There is a huge drug problem on the east side of Vancouver today. We have third world rates of HIV infection there because drug use is so rampant. What do we have here? We have a Liberal government that has decided it is much more important to medicate itself with the illusion that somehow this registry is going to solve the crime problem. On the other hand, it denies funding to the RCMP who would actually do something about the crime problem. There is a real misallocation of resources.
We know that for five years the government has been under fire over the Young Offenders Act. It is five years since we came to this place. We have made it an issue weekly. We get up in this place and excoriate the government because it has done absolutely nothing about people's concerns about the Young Offenders Act.
For 18 months the justice minister from Edmonton, Alberta has said that her number one priority is the Young Offenders Act. If that is the number one priority, we would hate to see the number two priority because she has done absolutely nothing. Here is the only legislation that we have received of any kind to deal with criminal justice in a long time. And these are very, very minor changes for the most part. If her real commitment is to fix the Young Offenders Act, what is she waiting for?
We know that Canadians from coast to coast want that act dealt with and they want it dealt with now. We propose three big changes over and over. This is not the Reform Party's wonderful idea. It comes from the people of this country.
People want young offenders, ages 15 and 16, who are guilty of a serious crime dealt with in an adult court. That makes sense to me. They want to see them dealt with in an adult court because regular people understand that the highest priority of the justice system is to protect the public, not to protect the criminals. I submit that is exactly what happens when these young people are allowed to be sentenced under the provisions of the Young Offenders Act. They barely get a slap on the wrist. We are saying if they do a serious crime, if they are charged with rape, murder, armed robbery or serious assault, those sorts of things, then by all means let us get them into the adult court.
Second, on the other end of the Young Offenders Act authorities need to have some power to deal with young persons who are 10 or 11 years old who steal cars or start fires. There was a 12 year old in Toronto who was suspected of rape a couple of years ago. All the police could do was catch him and release him, only to have him mock them on the front page of the Toronto Sun because he knew there was nothing the police could do.
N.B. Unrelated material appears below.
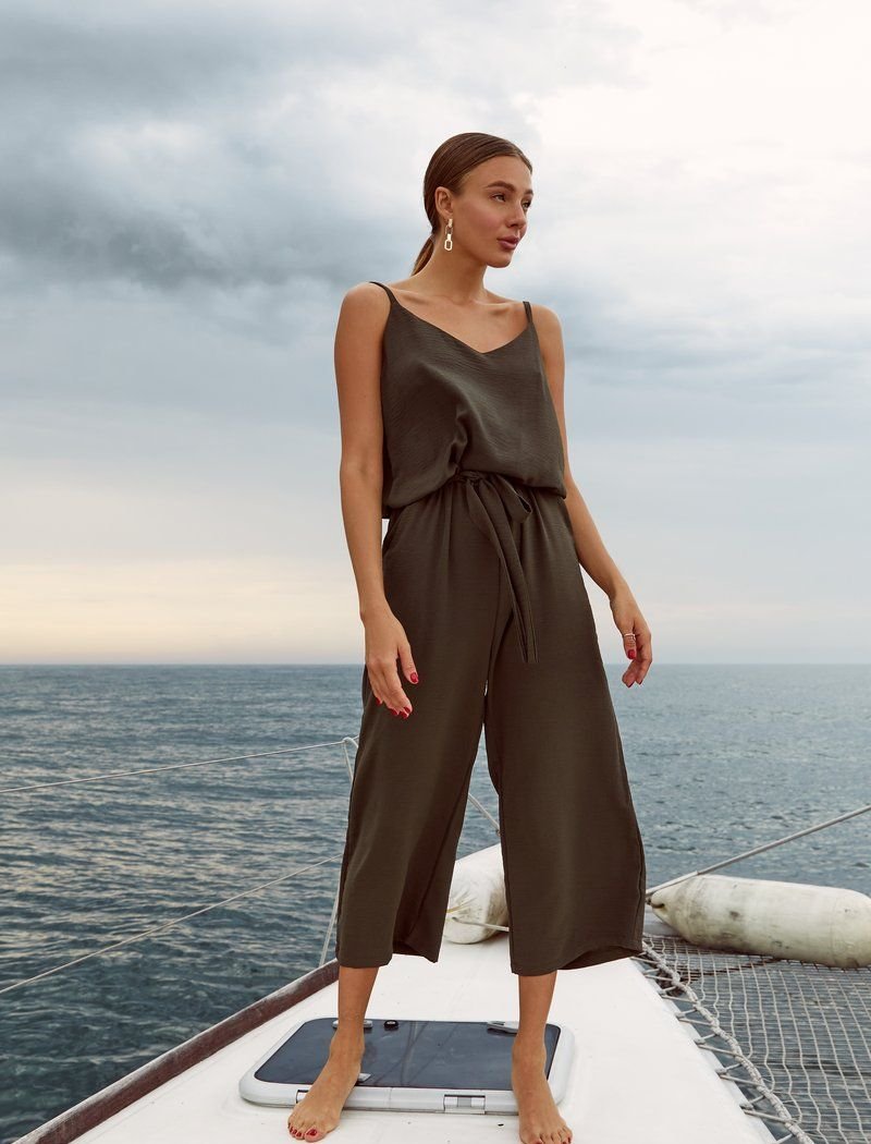 A loose-fitting pantsuit made of pressed fabric. Thin straps, a neat v-neck on the chest, an elastic insert on the waist and two small pockets on the sides. The set includes a removable belt-ribbon to match.

The authorities need to have power to deal with these people, not so they can go to a federal penitentiary, break rocks into gravel and make license plates, but so they can at least get some counselling.
Finally, why are we protecting the names of young people who are found guilty of serious offences? Why are we doing that? We believe that the criminal justice system is there to serve the public, not to serve the offender. If there is somebody guilty of a serious crime, a dangerous criminal, should we not know their name? I think we should.
That is a common sense proposal. I know my Liberal colleagues across the way have heard it.
I suggest that this government has its priorities standing on their head. The real issue is that we have a criminal justice system that is there to serve the public and that puts the rights of law-abiding citizens and victims ahead of the rights of criminals. That is completely missing in this legislation.
I encourage members across the way to put some pressure on the Minister of Justice, who is from Edmonton, and tell her that not only Liberals feel strongly about this, but remind her that the people of Edmonton and Alberta feel extraordinarily strongly about it.